▶ **WHAT YOU WILL DO**: Give the lines below again exactly, starting with the line that holds "- 肌の水分と油分のバランスを補い、軽い使用感のトナー" and going on through the line that holds "在我們計算出所需的座席數(s".

▶ **DATA**:

____

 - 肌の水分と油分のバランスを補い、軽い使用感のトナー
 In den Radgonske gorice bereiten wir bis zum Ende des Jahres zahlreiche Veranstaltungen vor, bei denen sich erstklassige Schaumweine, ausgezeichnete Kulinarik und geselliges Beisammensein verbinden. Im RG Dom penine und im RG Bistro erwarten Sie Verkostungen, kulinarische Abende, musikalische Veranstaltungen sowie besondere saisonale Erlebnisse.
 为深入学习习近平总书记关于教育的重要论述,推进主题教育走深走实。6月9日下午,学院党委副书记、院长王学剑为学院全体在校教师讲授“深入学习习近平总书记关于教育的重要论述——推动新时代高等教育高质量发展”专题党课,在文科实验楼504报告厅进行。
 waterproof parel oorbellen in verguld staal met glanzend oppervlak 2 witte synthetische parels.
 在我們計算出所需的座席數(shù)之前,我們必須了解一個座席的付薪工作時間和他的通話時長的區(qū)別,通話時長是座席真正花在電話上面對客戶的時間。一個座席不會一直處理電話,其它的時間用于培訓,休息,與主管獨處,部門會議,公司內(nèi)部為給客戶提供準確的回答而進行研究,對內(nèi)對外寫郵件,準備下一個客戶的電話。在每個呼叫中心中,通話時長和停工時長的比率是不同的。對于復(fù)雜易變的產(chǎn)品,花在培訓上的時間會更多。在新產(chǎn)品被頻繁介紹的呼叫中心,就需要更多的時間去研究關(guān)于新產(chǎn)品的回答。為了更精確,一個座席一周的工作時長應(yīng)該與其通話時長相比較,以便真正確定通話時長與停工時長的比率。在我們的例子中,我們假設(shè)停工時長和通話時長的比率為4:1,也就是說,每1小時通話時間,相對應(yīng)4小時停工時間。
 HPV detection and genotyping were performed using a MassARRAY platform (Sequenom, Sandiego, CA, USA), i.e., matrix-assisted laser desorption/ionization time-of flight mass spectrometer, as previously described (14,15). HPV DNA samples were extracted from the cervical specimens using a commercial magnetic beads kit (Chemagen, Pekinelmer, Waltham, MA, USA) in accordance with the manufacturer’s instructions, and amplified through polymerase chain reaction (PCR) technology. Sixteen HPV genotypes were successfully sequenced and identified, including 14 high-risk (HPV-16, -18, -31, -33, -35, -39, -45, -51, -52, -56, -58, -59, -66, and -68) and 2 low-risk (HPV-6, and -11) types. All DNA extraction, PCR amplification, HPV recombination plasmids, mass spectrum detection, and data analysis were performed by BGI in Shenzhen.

____

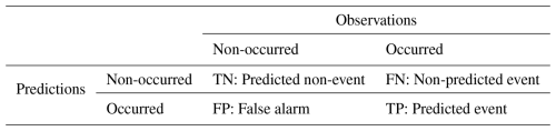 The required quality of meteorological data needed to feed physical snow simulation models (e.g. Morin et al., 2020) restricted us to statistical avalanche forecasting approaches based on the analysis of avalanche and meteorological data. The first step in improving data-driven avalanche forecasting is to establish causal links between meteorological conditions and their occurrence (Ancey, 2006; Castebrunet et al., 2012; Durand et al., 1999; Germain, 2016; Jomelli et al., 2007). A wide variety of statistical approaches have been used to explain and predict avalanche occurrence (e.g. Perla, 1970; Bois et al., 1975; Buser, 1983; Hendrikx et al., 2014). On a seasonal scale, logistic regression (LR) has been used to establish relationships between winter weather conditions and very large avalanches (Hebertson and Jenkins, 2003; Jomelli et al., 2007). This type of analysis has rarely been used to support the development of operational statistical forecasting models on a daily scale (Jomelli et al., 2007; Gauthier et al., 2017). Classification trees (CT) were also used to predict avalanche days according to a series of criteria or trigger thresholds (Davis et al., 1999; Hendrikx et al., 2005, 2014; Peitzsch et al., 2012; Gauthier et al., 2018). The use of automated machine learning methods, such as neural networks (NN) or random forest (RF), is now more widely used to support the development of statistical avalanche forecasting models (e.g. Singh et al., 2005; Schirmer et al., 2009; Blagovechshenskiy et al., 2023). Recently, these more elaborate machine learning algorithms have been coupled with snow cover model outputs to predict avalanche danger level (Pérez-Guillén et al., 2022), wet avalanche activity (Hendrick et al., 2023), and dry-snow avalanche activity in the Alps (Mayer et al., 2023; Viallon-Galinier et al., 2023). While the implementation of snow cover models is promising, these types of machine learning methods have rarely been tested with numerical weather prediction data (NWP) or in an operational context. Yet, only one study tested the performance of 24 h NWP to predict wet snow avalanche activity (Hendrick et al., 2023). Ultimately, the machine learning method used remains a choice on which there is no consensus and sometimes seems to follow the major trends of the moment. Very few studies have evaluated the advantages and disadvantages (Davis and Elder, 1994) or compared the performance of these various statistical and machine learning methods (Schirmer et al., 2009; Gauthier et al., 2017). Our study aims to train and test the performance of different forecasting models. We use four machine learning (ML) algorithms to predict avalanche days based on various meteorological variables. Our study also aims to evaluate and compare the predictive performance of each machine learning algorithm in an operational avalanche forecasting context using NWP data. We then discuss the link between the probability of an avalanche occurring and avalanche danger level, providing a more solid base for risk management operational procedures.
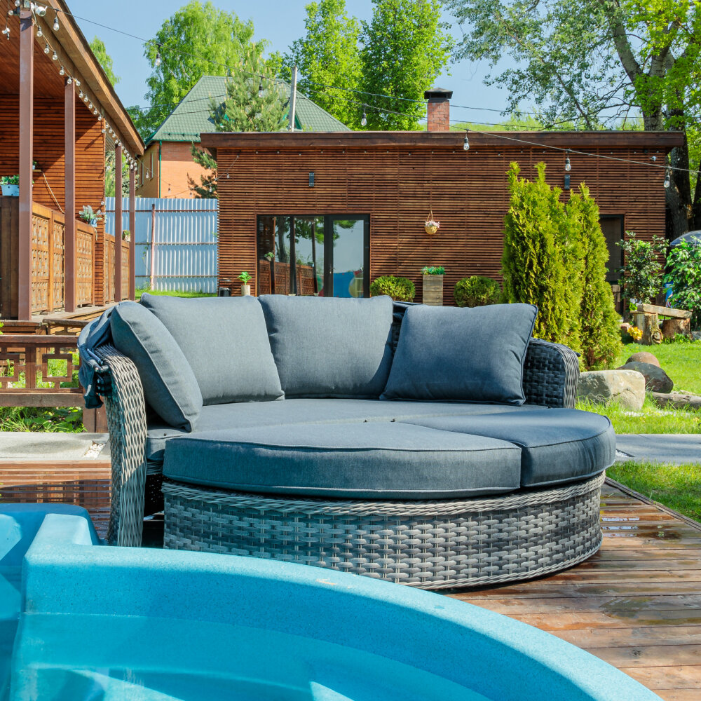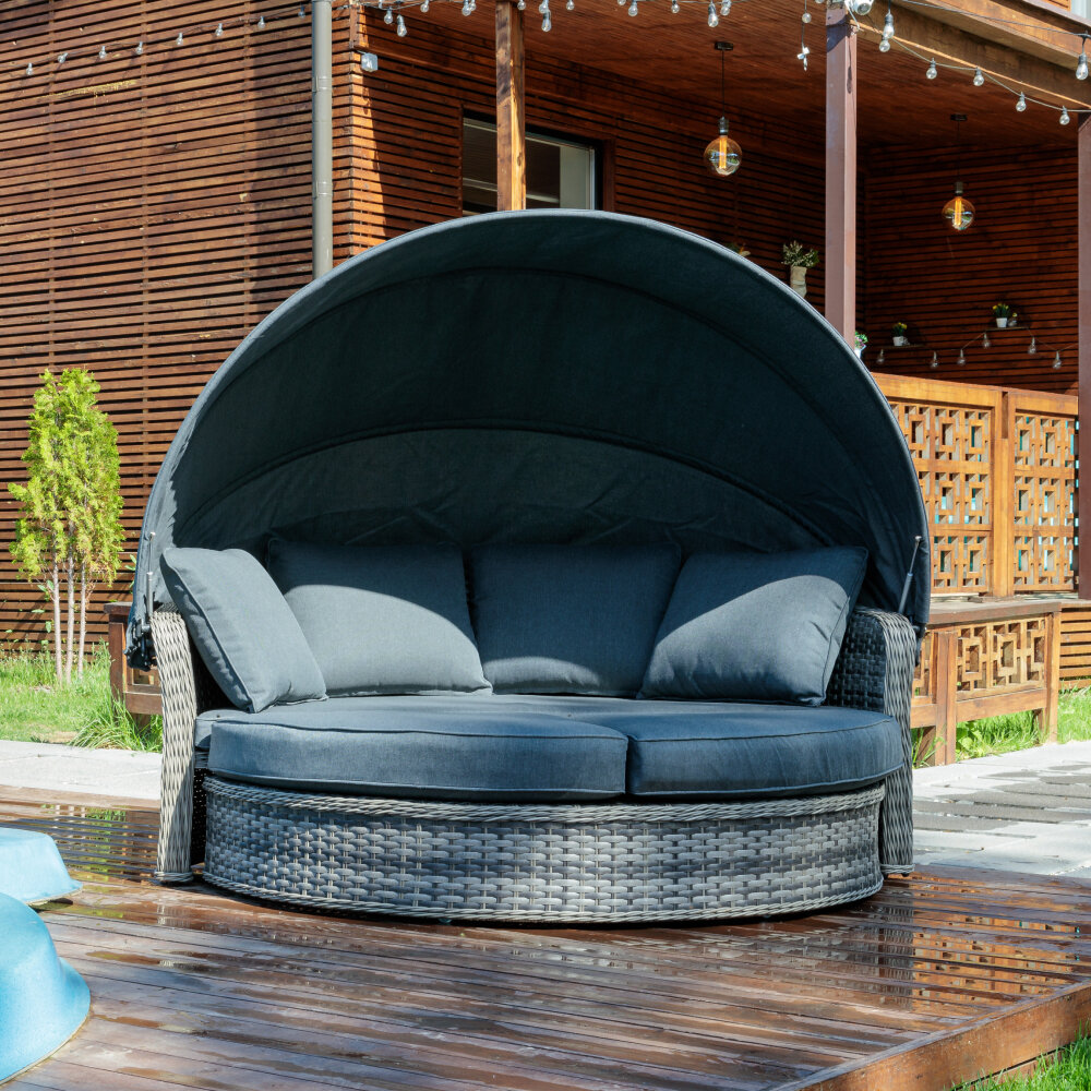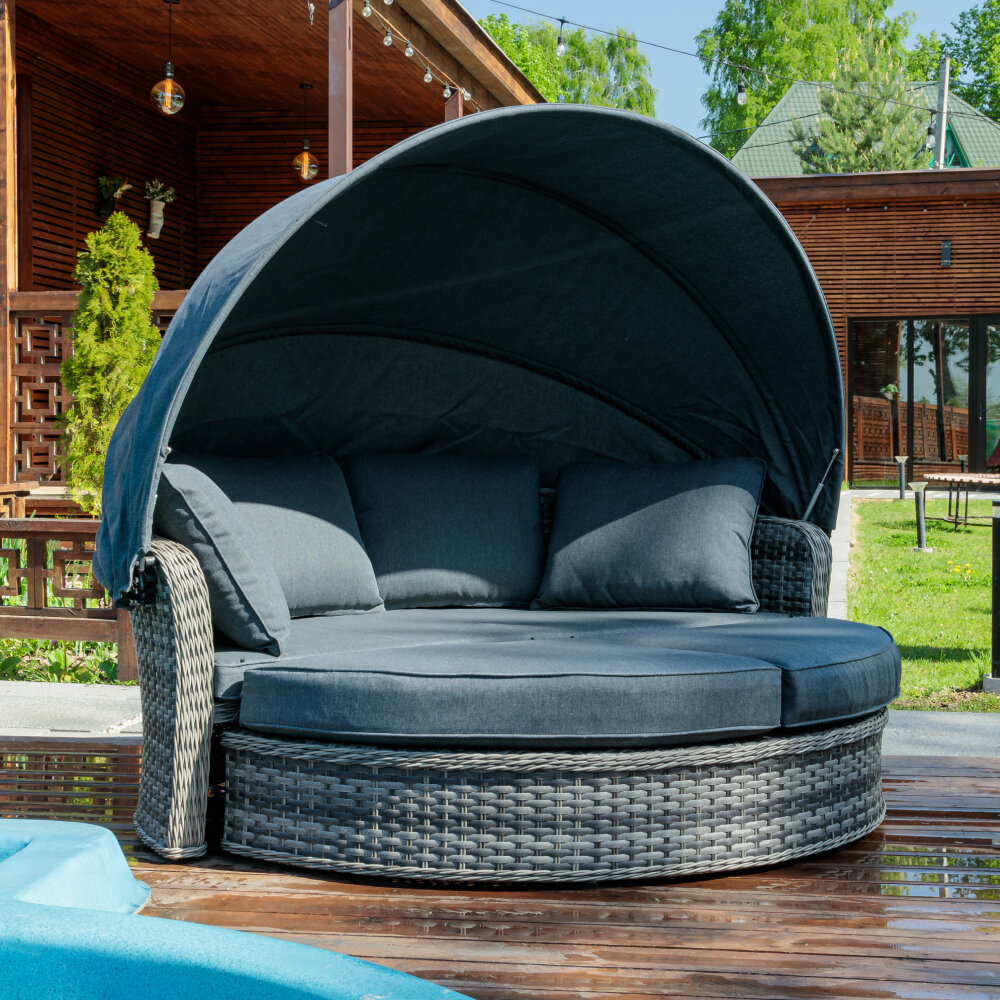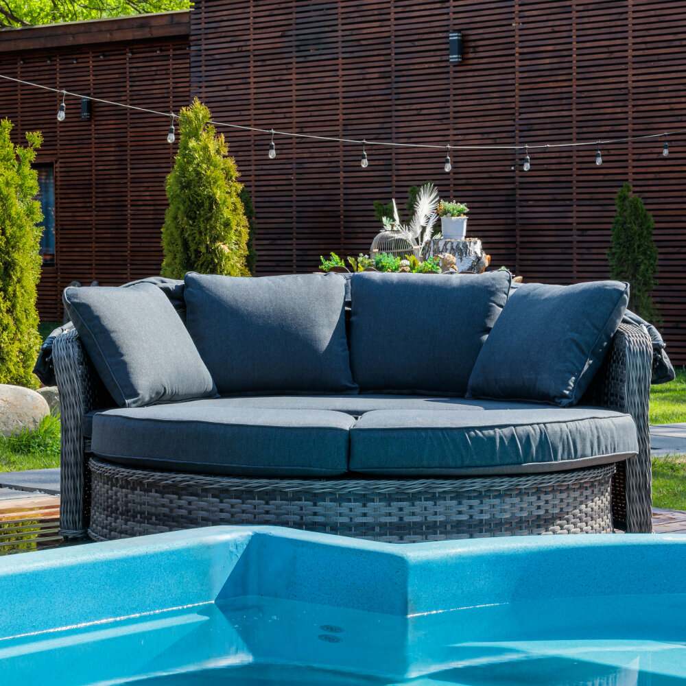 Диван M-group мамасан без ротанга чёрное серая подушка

____

▶ **SOLUTION FOR THIS EXERCISE**:
 - 肌の水分と油分のバランスを補い、軽い使用感のトナー
 In den Radgonske gorice bereiten wir bis zum Ende des Jahres zahlreiche Veranstaltungen vor, bei denen sich erstklassige Schaumweine, ausgezeichnete Kulinarik und geselliges Beisammensein verbinden. Im RG Dom penine und im RG Bistro erwarten Sie Verkostungen, kulinarische Abende, musikalische Veranstaltungen sowie besondere saisonale Erlebnisse.
 为深入学习习近平总书记关于教育的重要论述,推进主题教育走深走实。6月9日下午,学院党委副书记、院长王学剑为学院全体在校教师讲授“深入学习习近平总书记关于教育的重要论述——推动新时代高等教育高质量发展”专题党课,在文科实验楼504报告厅进行。
 waterproof parel oorbellen in verguld staal met glanzend oppervlak 2 witte synthetische parels.
 在我們計算出所需的座席數(shù)之前,我們必須了解一個座席的付薪工作時間和他的通話時長的區(qū)別,通話時長是座席真正花在電話上面對客戶的時間。一個座席不會一直處理電話,其它的時間用于培訓,休息,與主管獨處,部門會議,公司內(nèi)部為給客戶提供準確的回答而進行研究,對內(nèi)對外寫郵件,準備下一個客戶的電話。在每個呼叫中心中,通話時長和停工時長的比率是不同的。對于復(fù)雜易變的產(chǎn)品,花在培訓上的時間會更多。在新產(chǎn)品被頻繁介紹的呼叫中心,就需要更多的時間去研究關(guān)于新產(chǎn)品的回答。為了更精確,一個座席一周的工作時長應(yīng)該與其通話時長相比較,以便真正確定通話時長與停工時長的比率。在我們的例子中,我們假設(shè)停工時長和通話時長的比率為4:1,也就是說,每1小時通話時間,相對應(yīng)4小時停工時間。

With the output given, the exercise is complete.